Site Name: Chancery Lane deep shelter & Kingsway telephone exchange
31 - 33 High Holborn
The description of Kingsway exchange as an underground town was not far off the mark, with its unique subterranean population and passageways such as ‘Third Avenue’, ‘By-Pass Alley’ and ‘The Dog's Leg’. Two parallel tunnels, each a quarter of a mile long and 16’ 6” wide, formed the heart of the exchange, housing much of the equipment. Altogether three miles of racking were installed, carrying 337 miles of switchboard cable, along with the 1.5 megawatt generators for standby power generation.
Kingsway exchange had other peculiarities too. Earlier it was stated that no subscribers were connected, but like most large exchanges it did have its own `service PBX' for official telephones around the racks. This had the possibly unique accolade of having not one but two dialling codes, LTK in the London system and also the national code OLTK (0585). The result was that you could reach its numbers by dialling either 01-LTK or OLTK.
Photo:The trunk test suite in South Street East in 1968
Copyright photo from BT archives
The strategic importance of the Kingsway trunk exchange declined after the introduction of subscriber trunk dialling (STD); before this, trunk calls had to be made through the operator, who dialled trunk calls using lengthy and somewhat idiosyncratic dialling codes that took them as necessary through the various trunk switching centres around the country. The significant growth in the number of long distance calls necessitated many new trunk switching centres to handle the additional traffic. A new switching and transmission plan for a new `Transit' network was announced in 1960 and implemented in the late 1960s. This work coincided with the `Sector Plan' for London, which aimed to decentralise the switching of trunk calls in London and supplement the existing trunk switching centres. There were to be new technology `sector switching centres' in the key central sector and in seven locations in outer London serving the suburban areas. A number of writers have noted some significance in the names chosen for some of Kingsway's replacements, Bastion, Citadel, Fortress, Rampart and Tower but this is probably more bravado than indication of supreme strategic significance, since other replacements were named at the same time after eminent scientists (naturally these new exchanges were also connected to the deep level network).

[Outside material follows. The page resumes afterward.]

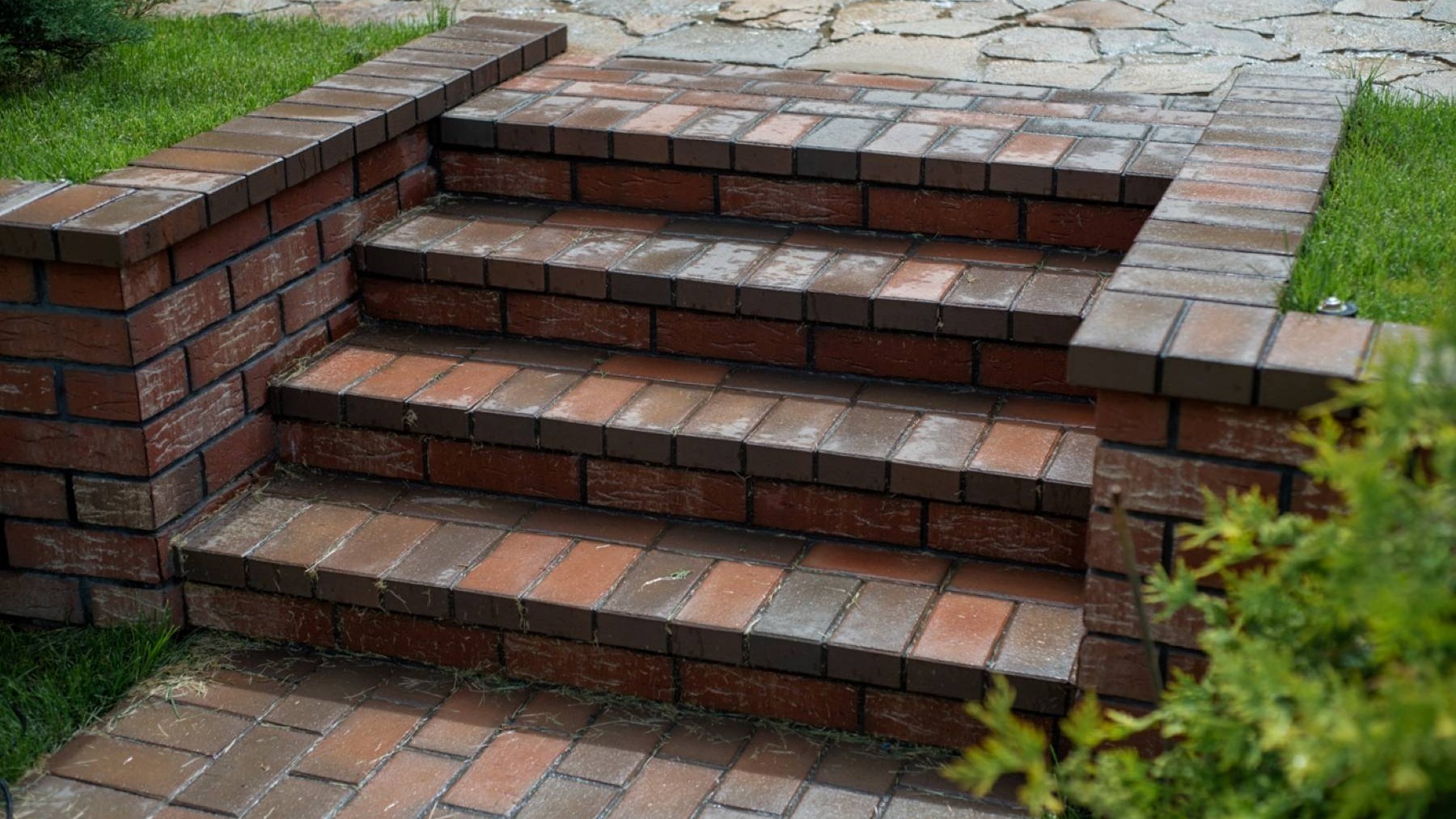 Рядовая укладка клинкера подходит для укладки на бетонные основания отмосток, прямых дорожек или извилистых дорожек больших радиусов.

Subterranea Britannica made two visits to Kingsway during the 1990s and on the first foray (4th August 1995) the door to this restricted area had its own bell push and spy hole; the accommodation was declared rather pointedly as being out of bounds. It was also marked as such on the orientation plan that was handed out. On the next visit (13th July 1996), however, members had total freedom to look around what was left of the facility. The heart of the new accommodation appeared to be a briefing room, with seating facing a screen at one end and a projection booth at the back; sleeping accommodation was also provided. According to an article in New Statesman (25th July 1985) this was the back-up site for the war control bunker known as ‘Pindar’, the primary site lying below the Ministry of Defence headquarters building in Whitehall. It is likely that Kingsway acted as temporary home for Pindar during construction of the Whitehall site and it is stated that the Tooks Court entrance (and modern passenger lift) to the Kingsway complex was purely to provide discreet and direct access to this special accommodation.
Photo:The main distribution frame in August 1995
Photo by Nick Catford
KINGSWAY'S SHAKY LEGAL FOUNDATIONS
The Bill had its second reading by the Lords on 20th January 1959 and was committed to a Select Committee. Petitions were deposited by five organisations, complaining that no indication of the depth of the works was given (withheld for security reasons), that no compensation was offered for any damage that might be incurred, or for reduced property values and arguing that surface owners should have unrestricted rights to develop their land.One further complication surrounds the property at 31/33 High Holborn, which is now one of the two points of entry to Kingsway exchange (the other is the goods lift in Furnival Street. London Transport has ownership of the ground floor and basement of this building which was then leased to the Post Office and later, British Telecom.
Photo:Tooks Court personnel entrance and ventialtion shafts. The was demolished in 2002 and the site redeveloped. A ventilation shaft was incorporated into the new building on the site.
Photo by Nick Catford
The Tooks court entrance which was contained within a large brick building with two prominent ventilation towers was sold for redevelopment to Tooks Court Ltd. for 2.1.million pounds on 16th October 2001. Once the building had been demolished the shaft was capped and following an archaeological excavation a new office block was built on the site. This is now home to the Government Actuary Department.